Московские старожилы с щемящей грустью вспоминают довоенный Старый Арбат с его доходными домами начала XX века, купеческими и дворянскими особняками, звонким трамваем, с 1904 года катавшим изумленных пассажиров взад-вперед между Арбатской и Смоленской площадями.
В середине Арбата стояло серое одноэтажное здание с колоннами, бывший особняк Берга, возле которого трамвай останавливался и кондуктор объявлял: «Театр имени Вахтангова!»
Еще в 1914 году организовали Студенческую театральную студию, которую позже переименовали в Вахтанговскую школу. В 1932 году она получила статус среднего специального учебного заведения. Выпускала Вахтанговская школа не более 15–20 человек в год. Но каких!.. Р. Симонов, Б. За-хава, Ц. Мансурова, Д. Журавлев, И. Толчанов, Б. Щукин, В. Яхонтов, А. Грибов, А. Орочко, А. Степанова…
Во главе Вахтанговской школы, которой в 1939 году было присвоено имя недавно умершего Б. Щукина, полвека, до своей смерти в 1976 году, стоял Б. Захава.
Когда в 1937 году семнадцатилетняя Люся Целиковская, из-за своего небольшого роста, худобы и наивных голубых глаз скорее похожая на четырнадцатилетнего подростка, поступала в театральное училище, в Вахтанговском театре работал выдающийся актер и режиссер Рубен Симонов.

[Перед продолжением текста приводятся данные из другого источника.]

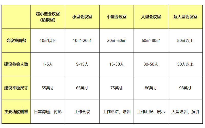 目前市面上會議平板常見的尺寸有55英寸、65英寸、75英寸、86英寸、98英寸。行業內,會議平板尺寸主要是指屏幕的尺寸,不同品牌的會議平板外觀不同,產品整體尺寸不同。通常來說,會議平板邊框越窄,外觀及觀看效果越佳。采購會議平板,一定要結合企業的實際應用場景,以保障觀看效果和使用體驗。如何根據會議室大小,選擇合適的會議平板?韋斯特小編走訪了多家企業經過實地測量,整理了以下建議,望大家采納!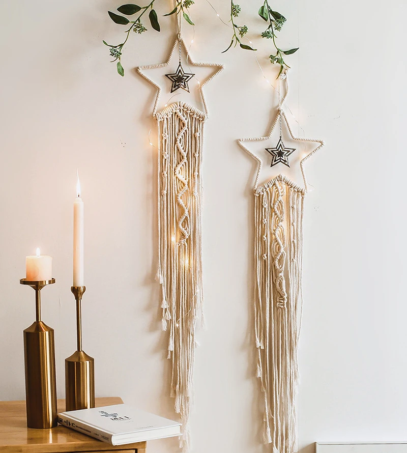 Скандинавская звезда, луна гобелен из макраме, украшение в стиле бо...

«Мне исполнилось шестнадцать лет, когда мама через свою подругу Анечку Бабаян, которая училась у Р. Н. Симонова в Армянской студии, привела меня в Левшинский переулок, где жили вахтанговцы, а в квартире № 13 – Рубен Николаевич. Я трепетала, как осиновый листок: и росточку маловато, и была я в ту пору щупленьким, бледным и невзрачным подростком. Дрожащим голосом произнесла: «Сон Татьяны» из четвертой главы «Евгения Онегина», – и на вопрос Рубена Николаевича, люблю ли я петь, жалобно промяукала: «Над ручьем, меж ветвей пел залетный соловей…» Слава богу, за плечами были семь лет учебы в Гнесинской школе по классу фортепиано, поэтому хоть аккомпанемент мой на рояле звучал громко. И вот в разгар моего «выступления» я случайно подняла глаза и… увидела в стекле над дверью чье-то смеющееся лицо с черной челочкой. Я в ужасе остановилась и прошептала: «Нас, кажется, подслушивают!» В ответ раздались хихиканье и грохот падающих табуреток – это спрыгнул со своего наблюдательного пункта сын Рубена Николаевича, Женя. Так навсегда судьба меня связала с семьей Симоновых, с Театром имени Евг. Вахтангова…
Поступала в Училище имени Б. В. Щукина осенью, когда Рубена Николаевича не было – он отдыхал в Барвихе. Помню только, что после чтения обязательной прозы, стихотворения и басни кто-то из комиссии (а у меня от страха в глазах было «серо», мне показалось, что все члены комиссии были одеты в одинаковые серые костюмы) спросил: «С кем вы готовились к экзаменам?» Я сказала: «С мамой». В ответ – дружный хохот. А на вопрос, как меня зовут, я сказала: «Людмила Васильевна». Комиссия развеселилась еще больше, а у меня от обиды брызнули слезы из глаз, и я убежала, твердо поняв, что уж актрисой мне никогда не стать. В это время следом за мной выбежал Дима Дорлиак, один из самых красивых молодых артистов театра, и, успокаивая меня, сказал: «Не волнуйтесь, вы понравились. Это у нас в театре так принято «принимать» – с юмором и смехом. Нате, вот вам платок, вытрите слезы!»